Only Aggressive Elephants are Fast Elephants

The main character of this post's paper is poor Bob, an analyst, and the story goes about his adventures with elephants, i.e. Hadoop MapReduce. Bob's queries often reveal interesting information or anomalies that need to be further examined, spawning new queries and therefore triggering new MapReduce jobs. In such a scenario, the problem stems from slow query runtimes, due to lack of proper schemas and data indexing. Poor Bob ends up drinking too much coffee waiting for his queries to finish, while he also has to deal with his angry boss! The paper proposes inexpensive index creation on Hadoop data attributes, in order to reduce execution times in exploratory use-cases of MapReduce.

The main idea comes from the observation that HDFS keeps three replicas of each block by default. Why not keep each one of these copies in a different sort order and with a different index? If it happens that our query filters data by an attribute for which there exists an index, we will gain great speedup!

As usual, it's not as easy as it sounds. How can indexes be created during upload time, so that no additional scan is required? How does HDFS need to be modified in order to distinguish the different replicas? How can MapReduce applications exploit the sort orders and indexes effectively? And how can we make the scheduler aware?

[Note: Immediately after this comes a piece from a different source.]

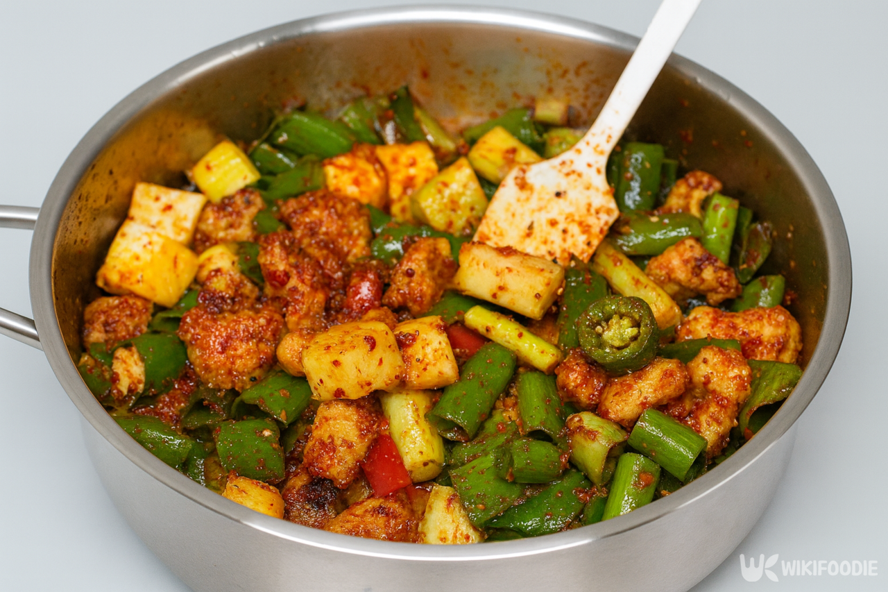 - 삼겹살은 노릇하게 볶아야 기름이 충분히 우러나 깊은 맛이 난다.

HAIL (Hadoop Aggressive Indexing Library) answers all these questions.

 

System Overview

HAIL is a Hadoop modification which keeps each physical replica of an HDFS block in a different sort order and creates clustered indexes on HDFS blocks when uploading the data. The HAIL client converts each HDFS block to binary PAX format and sends it to three datanodes. Then, each node sorts the data contained in the block using a different sort order. Sorting and indexing happens in main memory. Each datanode creates a different clustered index for each data block and stores it with the sorted data. The process is shown below:

Hail_architecture

 

Upload Pipeline

HAIL modifies the upload pipeline of HDFS to support index creation and sorting. One major difference is how the HAIL client parses each file into rows. In HDFS, each block is defined by a constant number of bytes, while HAIL parses the file based on content, never splitting a row between two blocks. After the blocks have been defined, each one of them is converted to a binary PAX representation.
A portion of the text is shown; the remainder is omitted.